Tenham em mente que isso irá demorar muito tempo. O tempo é um investimento e ao focarem-se numa coisa significa que não poderão focar-se noutra. Tentem evitar que as vossas aspirações empresariais não prejudiquem a vossa família. É inevitável que tenha de fazer alguns sacrifícios, mas tente equilibrar ao máximo a atenção que dá aos aspetos e às pessoas que importam.

Lembrem-se de que não existe um caminho “certo”. O que resultou com uma determinada pessoa pode não ser adequado para vocês. As vossas prioridades são apenas vossas, assim como as vossas ambições e competências. O facto de verem as outras pessoas a constituírem ou não família, a formarem as suas empresas ou a evoluírem em empresas existentes, não significa que esse seja o caminho certo para vocês. Acreditem no vosso caminho e vai correr tudo bem.

 

Como escolhe as causas que apoia?

 

Concentro o meu apoio em organizações filantrópicas que beneficiam a sociedade de alguma forma. Este aspeto é tão importante para mim que estabeleci divisões encarregadas de patrocinar instituições de caridade e programas de promoção da melhoria da sociedade em todas as minhas empresas. Desenvolvemos iniciativas para melhorar a responsabilidade social, como apoiar um hospital pediátrico, financiar a luta contra a malária, fazer chegar água potável às comunidades carentes e organizar “dias de diversão” para as crianças doentes e desfavorecidas.

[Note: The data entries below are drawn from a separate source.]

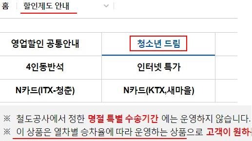예전에는 청소년드림 할인이되는 KTX가 제법 많았지만
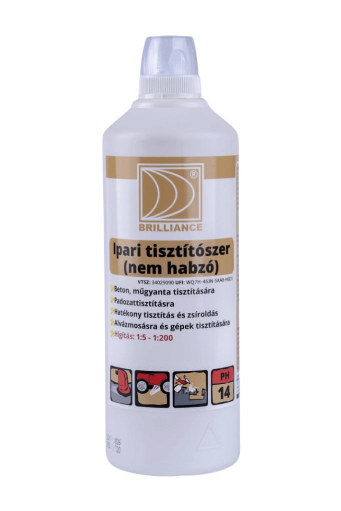 A Brilliance® Ipari tisztítószer (nem habzó), gyengén habzó felületaktív anyagokkal készült, korróziógátló komponenst is tartalmaz. Alkalmazható magasnyomású kompresszorokban és egyéb készülékekben, olyan területeken, ahol a nagy olaj- és zsíroldás elengedhetetlen. Hatásos kormos, odaégett felületekre a sütőiparban, húsiparban, vendéglátóiparban, stb. Felhasználható hideg vízzel is, minimális hatásidővel (a legszennyezettebb felületeknél is csak 5–10 perc). Csak alkáli- és vízálló felületre használható!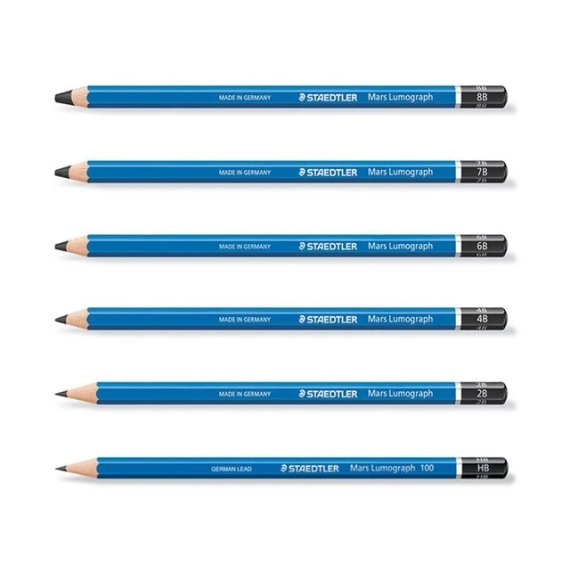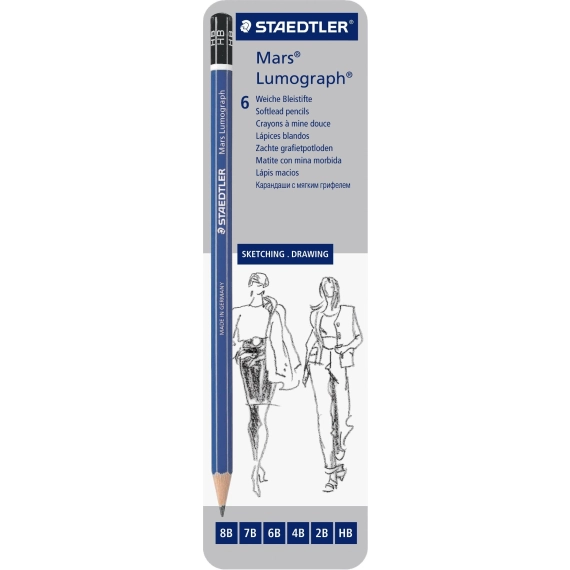 Denne blyanten av høy kvalitet er utformet for å gi utmerkede resultater på både papir og matt film. Den har en ergonomisk sekskantform som er behagelig å gripe. STAEDTLER Mars® Lumograph® 100 har et spesielt bly som er limt til trevirket og dermed er svært slitesterkt. Dette gir blyanten ekstra lang levetid. Blyanten er laget av lett og mykt trevirke som er enkelt å spisse. I tillegg kommer trevirket fra skoger som drives på bærekraftig vis, noe som gjør blyanten til et miljøbevisst alternativ. Det brede utvalget av blygraderinger gjør denne blyanten ideell for grafiske formgivere og kunstnere.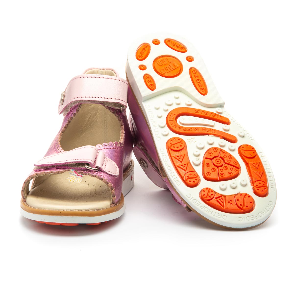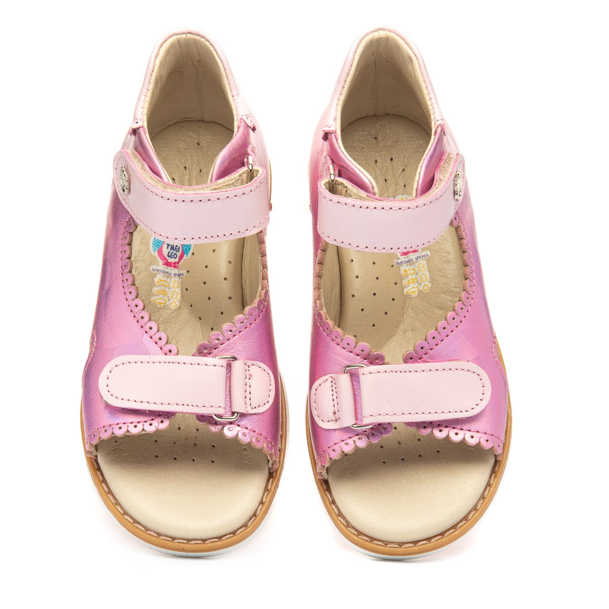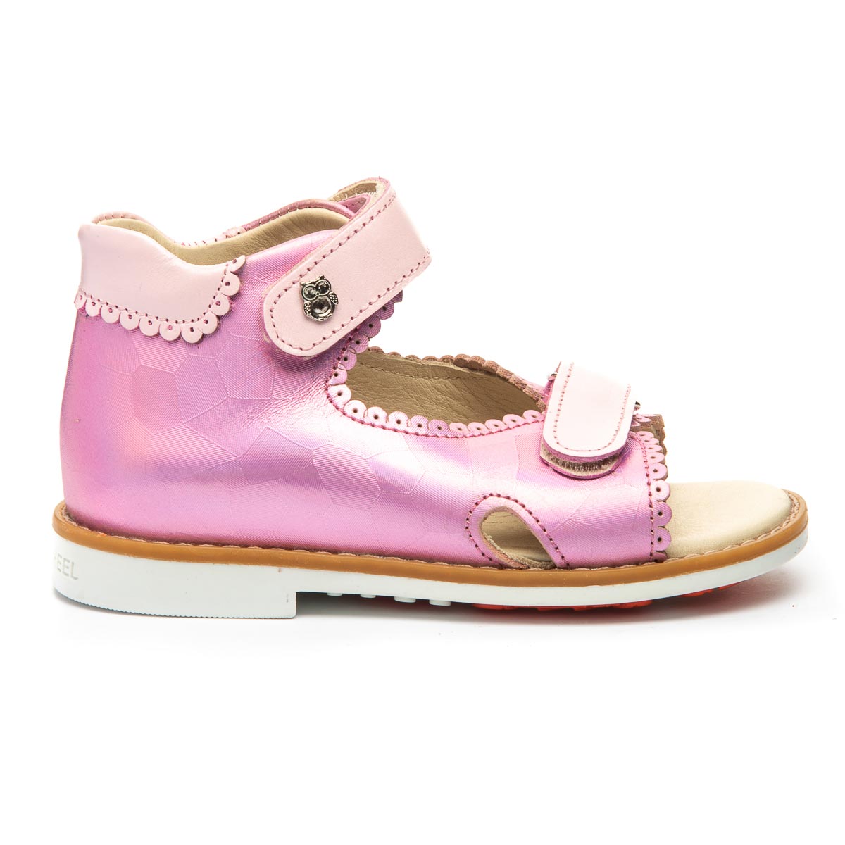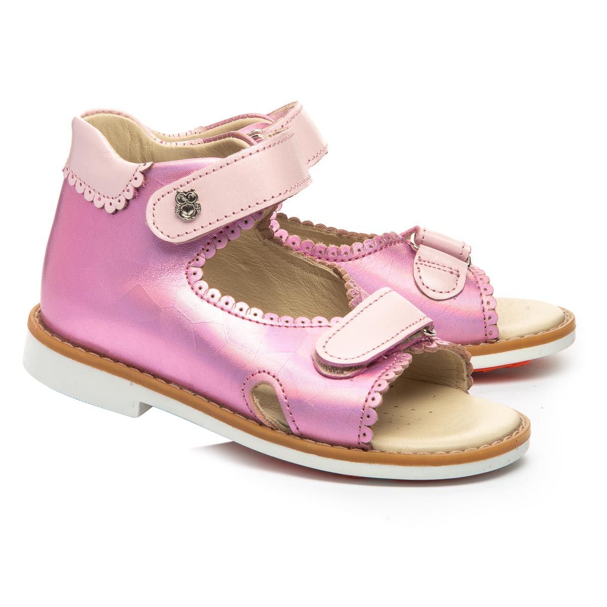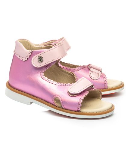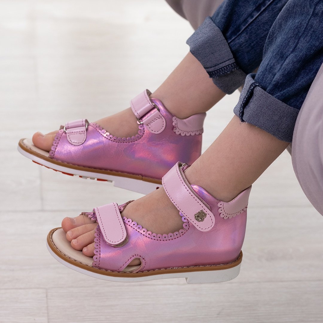 Босоніжки для дівчинки, виконані з натуральної шкіри в рожевому кольорі з перламутровим відтінком. Оригінальний принт додає унікальності та привабливості, роблячи ці босоніжки особливими серед інших моделей. Застібки-липучки забезпечують надійну фіксацію на ніжці, що дозволяє легко взувати і знімати взуття. Для забезпечення правильного розвитку стопи, здоров'я ніг та максимального комфорту, взуття має: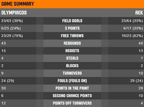 ΟΛΥΜΠΙΑΚΟΣ: 15/30 δίποντα, 5/19 τρίποντα, 14/20 βολές, 37 ριμπάουντ (28+9), 12 ασίστ, 6 λάθη, 3 κλεψίματα, 1 τάπα.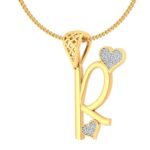 The “R for Radiant” pendant combines graceful design with a touch of charm through its dual heart-shaped diamond clusters — perfect for those whose presence lights up every room.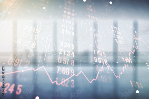 Obraz premium Multi exposure of stats data illustration on empty corporate office background, computing and analytics concept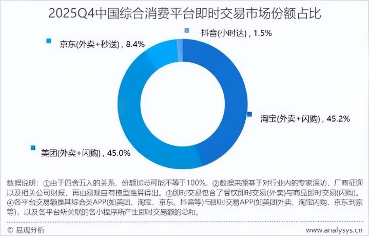 前不久,易不雅分析发布的即时零卖阛阓阐明夸耀,2025年第四季度淘宝闪购即时交游阛阓份额为45.2%,好意思团为45.0%,两者份额差距仅0.2个百分点。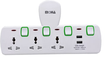 Multi Plug Extension Power Adapter with 2 USB, Moha Double Extender Wall Charger Socket 3 Way Multiple Universal Electrical Outlet Adaptor, Charging Station for Home, Office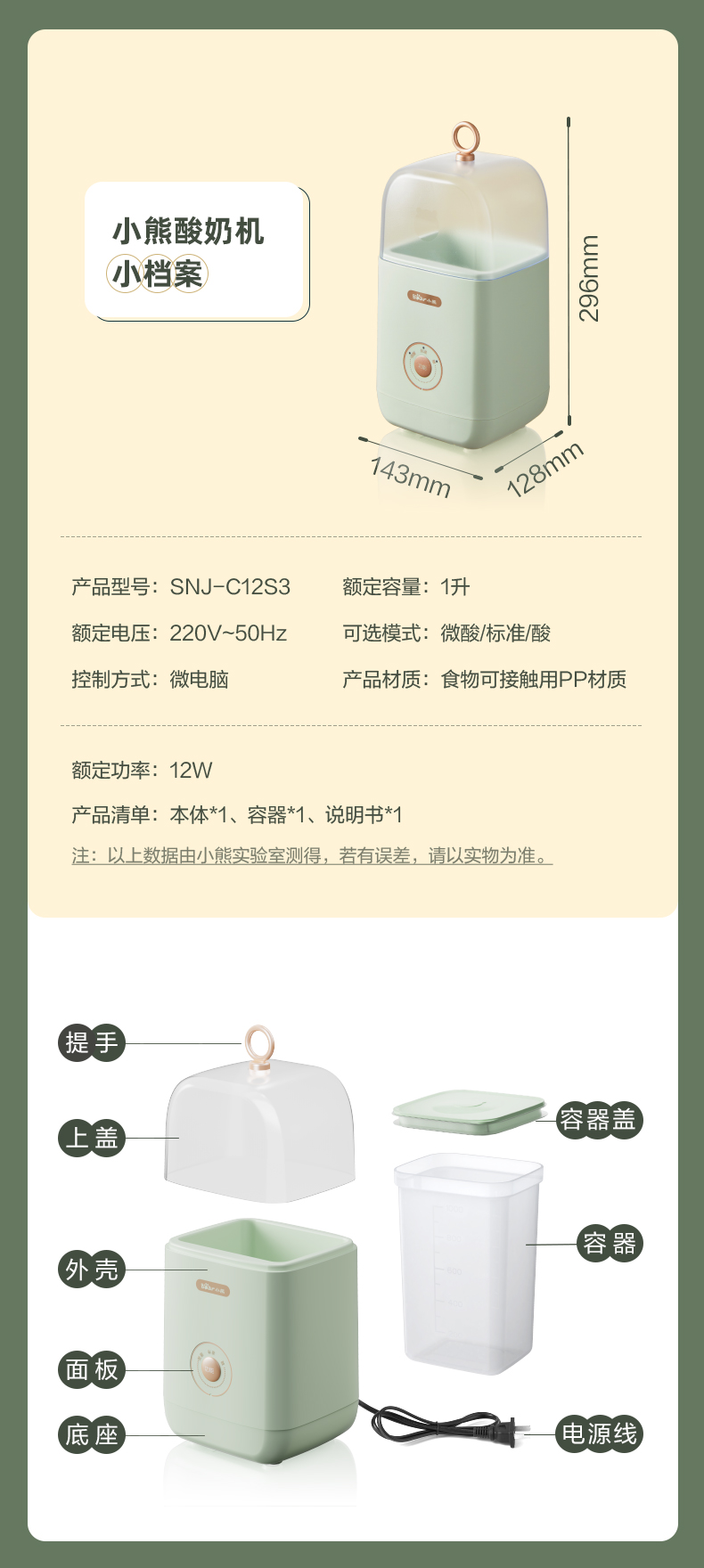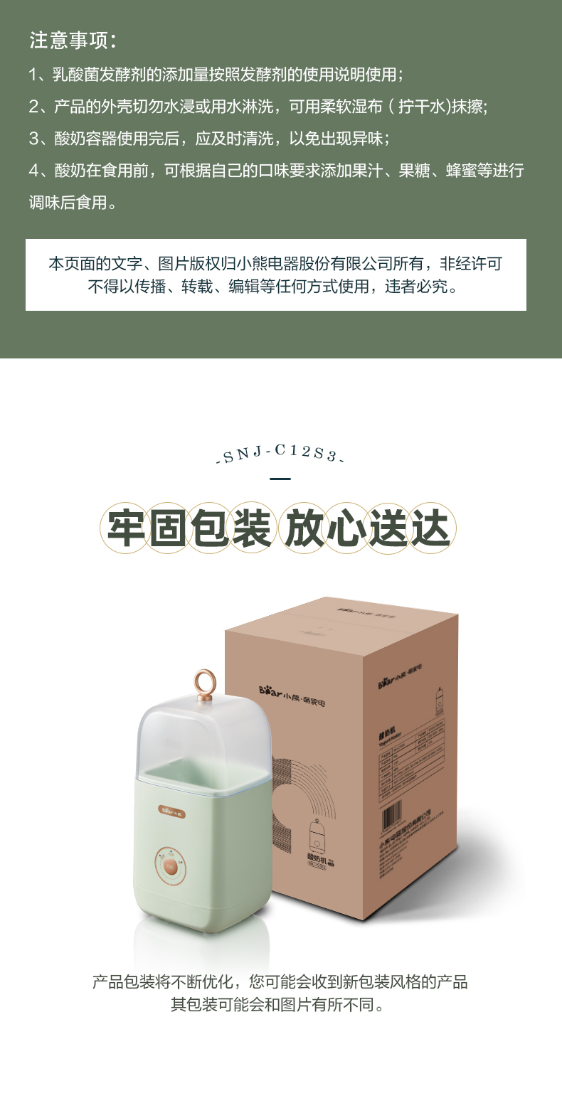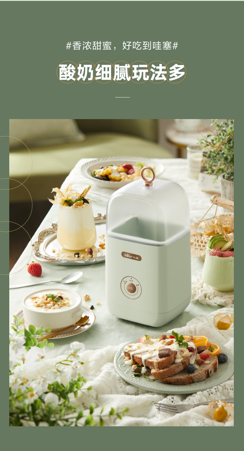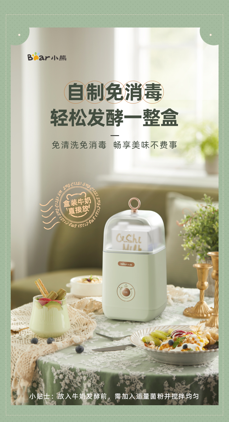 【小程序】小熊酸奶机家用小型立体发酵智能多功能宿舍全自动自制酸奶发酵机 SNJ-C12S3 浅绿色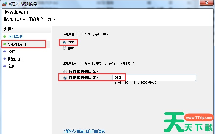 第五步:此时设置“协议和端口”,例如我们设置为TCP协议,端口为8080;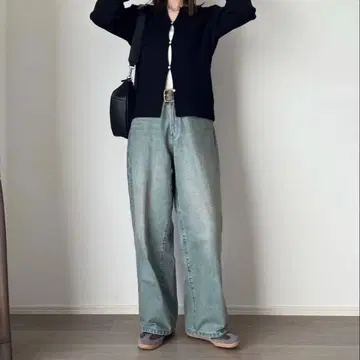 • LOWO 세미 하이웨스트 와이드 데님 팬츠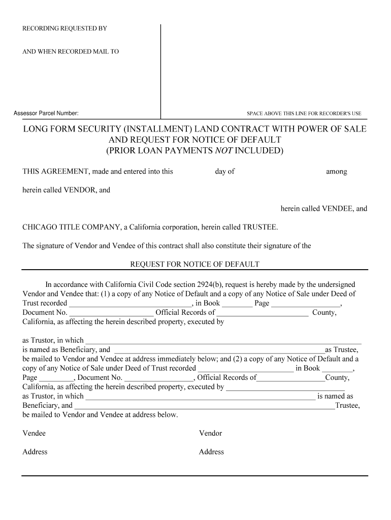 Print This Form RECORDING REQUESTED BY AND WHEN RECORDED MAIL TO SPACE ABOVE THIS LINE FOR RECORDER IS USE Assessor Parcel Number: LONG FORM SECURITY (INSTALLMENT) LAND CONTRACT WITH POWER OF SALE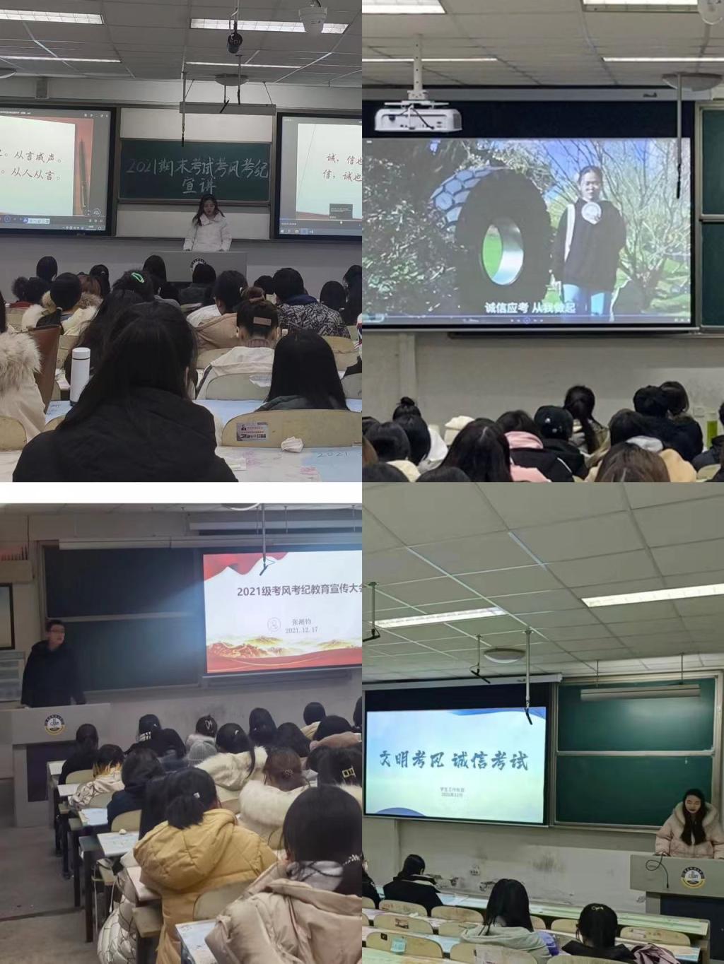 四个年级在弘毅楼教室内同时开展了2021年秋季学期考风考纪教育宣传大会。

Também acredito que os empresários são a chave para trazer prosperidade aos países africanos. Estou profundamente empenhada em apoiar pequenas empresas com grandes sonhos, e prezo as oportunidades que me deram para fazer discursos para jovens mulheres em universidades e instituições em todo o mundo. Afinal, a educação é um dos aspetos mais importantes da sociedade. Assim como o meu pai me ensinou a ser independente, forte e ambiciosa, devemos também estabelecer um sistema educativo que dê a todas as jovens africanas a confiança de que precisam para terem sucesso.